それでも、今日射殺されてしまった元教え子が、死刑に値するような何か酷い罪を犯してしまったのかと問われれば、そうではなかったとも思う。妻や娘が一生物の傷を負わされる一歩手前の状態にあったのは確かだったとしても。
彼も、体操競技が普通に行われる世の中が続いてれば、こんな風に道を踏み外す事もなく、いろんな選考会で結果を残し、世界選手権にメンバーとして入れていたかも知れない。そんな彼を誰かが助けられたとしたら、自分は間違いなくその内の一人に含まれていただろう。助けられなかったけれど。
コロナ禍を本気で止めようとしなかった政権は、幾多の汚職を忠臣組に暴かれ誅殺され滅びた。世の中を大規模に変えてしまう政変に自分が出来る事など何も無いとずっとあきらめていた。自分が何を言ってもやっても変わりはしない。そう、後ろ向きだとしても、信じてきた。

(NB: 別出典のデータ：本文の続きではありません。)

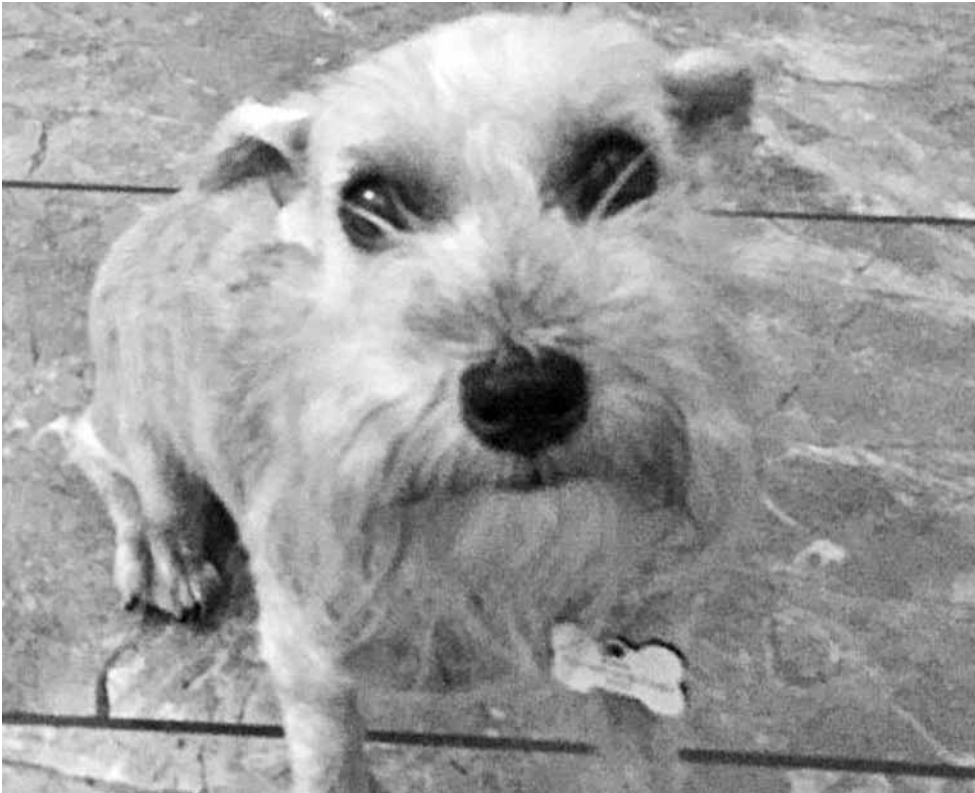
Congratulations to Blanca and her new family!

Congratulations to Blanca and her new mom! After recently losing two of her Schnauzers/Schnauzer mixes due to old age (the second being recently), she was on a mission for a lively companion. After discussions regarding her living arrangement, she decided that a wilder pup was probably not a good match. Then she spotted Blanca -- who is a nice, calm, well-mannered, mature lady -- and decided that she was the gal for her! Since Mom is retired, that's icing on the cake for Blanca, now named Ash, who is happily residing in Seal Beach. Our follow-up report is that Mom couldn't be happier and thinks Ash is absolutely perfect! Wishing them lots of happiness and years of companionship.

でも、元教え子の命は救えたかも知れない。コロナ禍への対応は忠臣組の世の中になってずっと真剣なものになったのが、彼にとっては仇になった形で、自分には何も出来なかったといえばそうかも知れなくても。
自分には、本当に、何も出来ないのだろうか。何を言っても、何をしても、何も変わらないのだろうか?
そんな事が気にかかって、その日からなかなか寝付けない夜が続いたのだった。